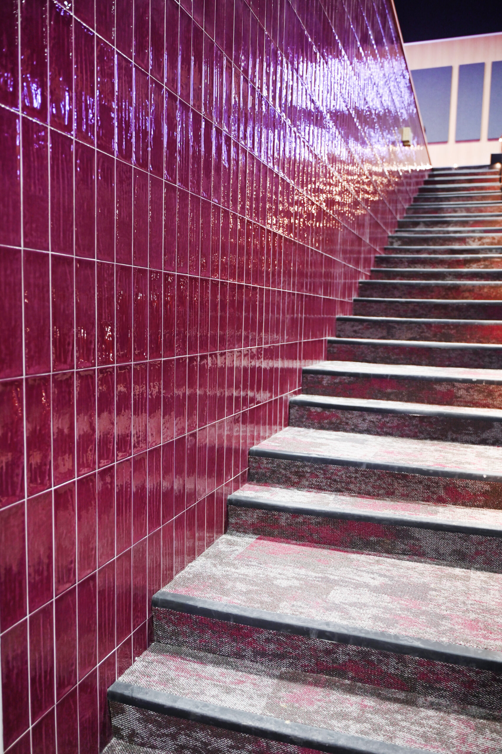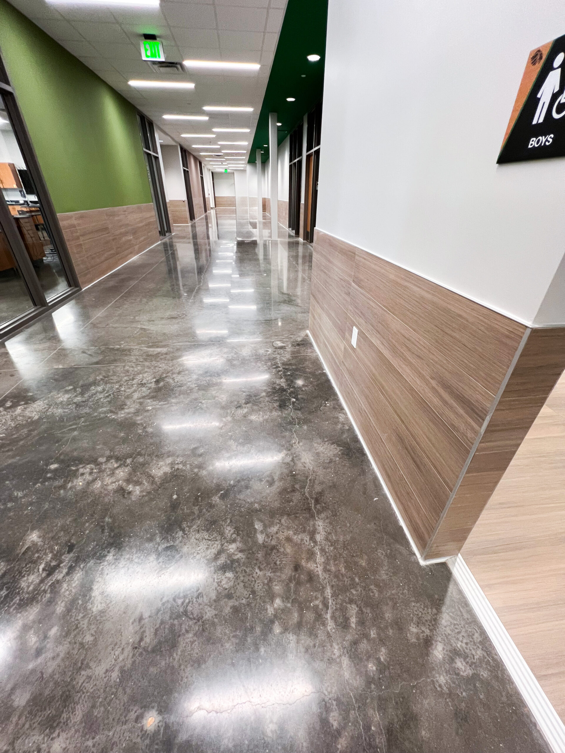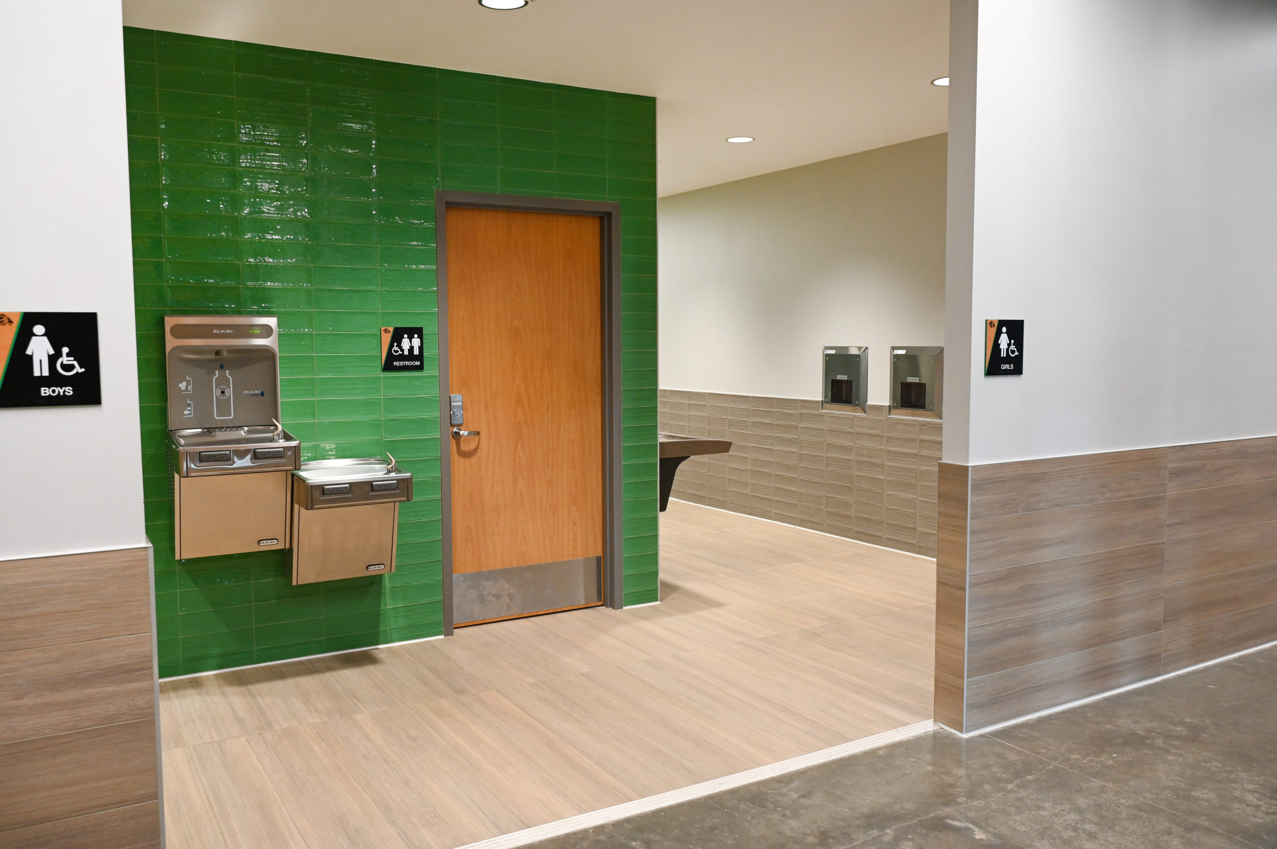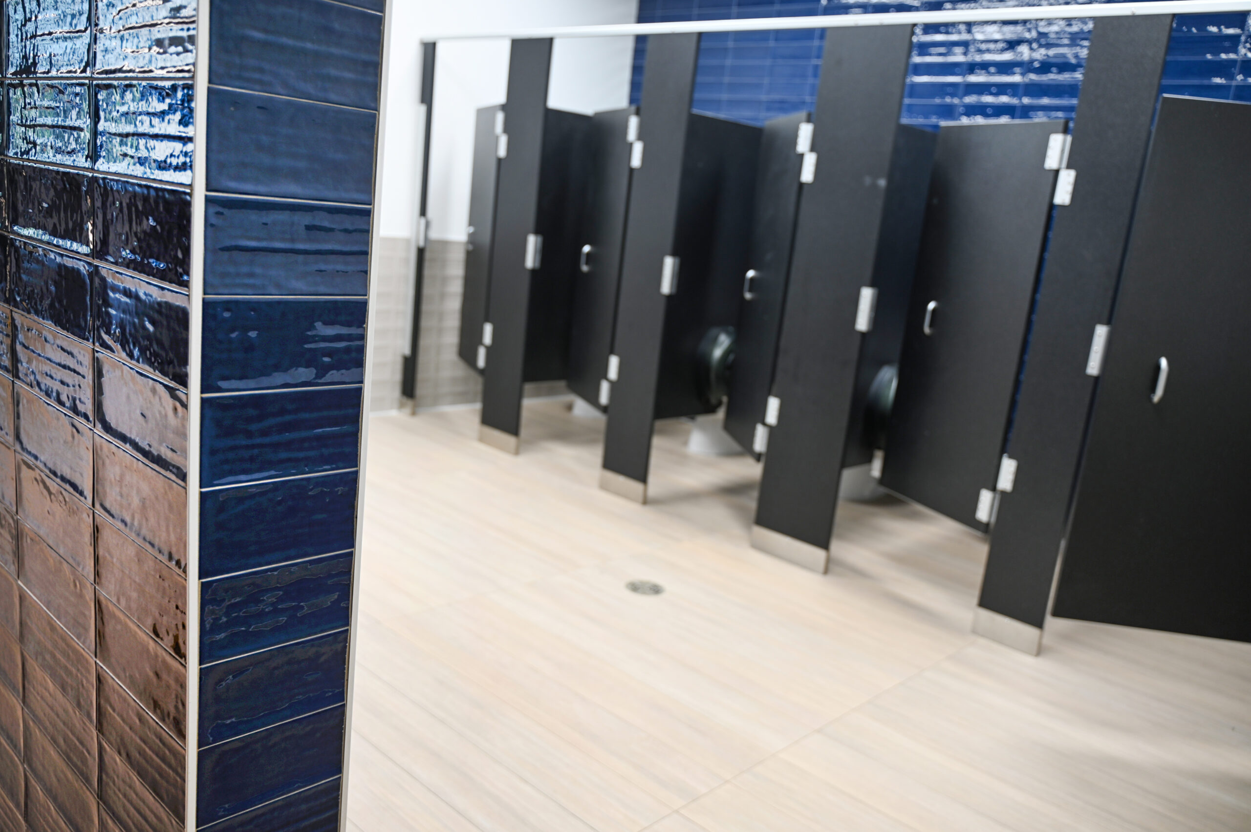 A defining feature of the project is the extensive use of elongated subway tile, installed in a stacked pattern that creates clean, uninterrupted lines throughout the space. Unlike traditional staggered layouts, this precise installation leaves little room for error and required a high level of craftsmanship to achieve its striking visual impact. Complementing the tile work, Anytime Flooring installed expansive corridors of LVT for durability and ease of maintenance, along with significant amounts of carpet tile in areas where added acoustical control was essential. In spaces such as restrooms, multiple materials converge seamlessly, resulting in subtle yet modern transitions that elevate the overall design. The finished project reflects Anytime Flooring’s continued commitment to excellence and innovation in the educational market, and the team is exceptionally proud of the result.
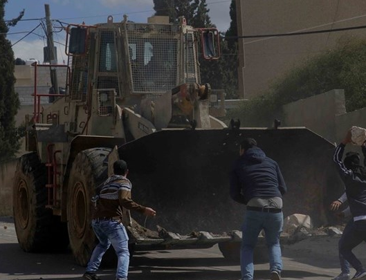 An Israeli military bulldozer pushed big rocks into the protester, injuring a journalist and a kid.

--

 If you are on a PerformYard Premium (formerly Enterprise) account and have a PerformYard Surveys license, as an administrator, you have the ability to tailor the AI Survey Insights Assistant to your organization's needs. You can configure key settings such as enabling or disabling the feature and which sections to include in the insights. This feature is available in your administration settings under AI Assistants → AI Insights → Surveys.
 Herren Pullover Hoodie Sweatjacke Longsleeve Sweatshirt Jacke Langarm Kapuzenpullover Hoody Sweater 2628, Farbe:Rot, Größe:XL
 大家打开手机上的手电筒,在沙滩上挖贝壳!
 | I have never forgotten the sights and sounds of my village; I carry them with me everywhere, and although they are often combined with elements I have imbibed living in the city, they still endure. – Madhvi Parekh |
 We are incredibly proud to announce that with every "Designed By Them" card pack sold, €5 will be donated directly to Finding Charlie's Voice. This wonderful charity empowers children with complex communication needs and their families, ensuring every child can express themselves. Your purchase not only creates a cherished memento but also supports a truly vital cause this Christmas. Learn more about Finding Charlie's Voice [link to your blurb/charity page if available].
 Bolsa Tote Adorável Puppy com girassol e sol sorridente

• WORK REQUIRED
For the string "have", show each line of the listing where it appears.

• YOUR SOLUTION
 If you are on a PerformYard Premium (formerly Enterprise) account and have a PerformYard Surveys license, as an administrator, you have the ability to tailor the AI Survey Insights Assistant to your organization's needs. You can configure key settings such as enabling or disabling the feature and which sections to include in the insights. This feature is available in your administration settings under AI Assistants → AI Insights → Surveys.
 | I have never forgotten the sights and sounds of my village; I carry them with me everywhere, and although they are often combined with elements I have imbibed living in the city, they still endure. – Madhvi Parekh |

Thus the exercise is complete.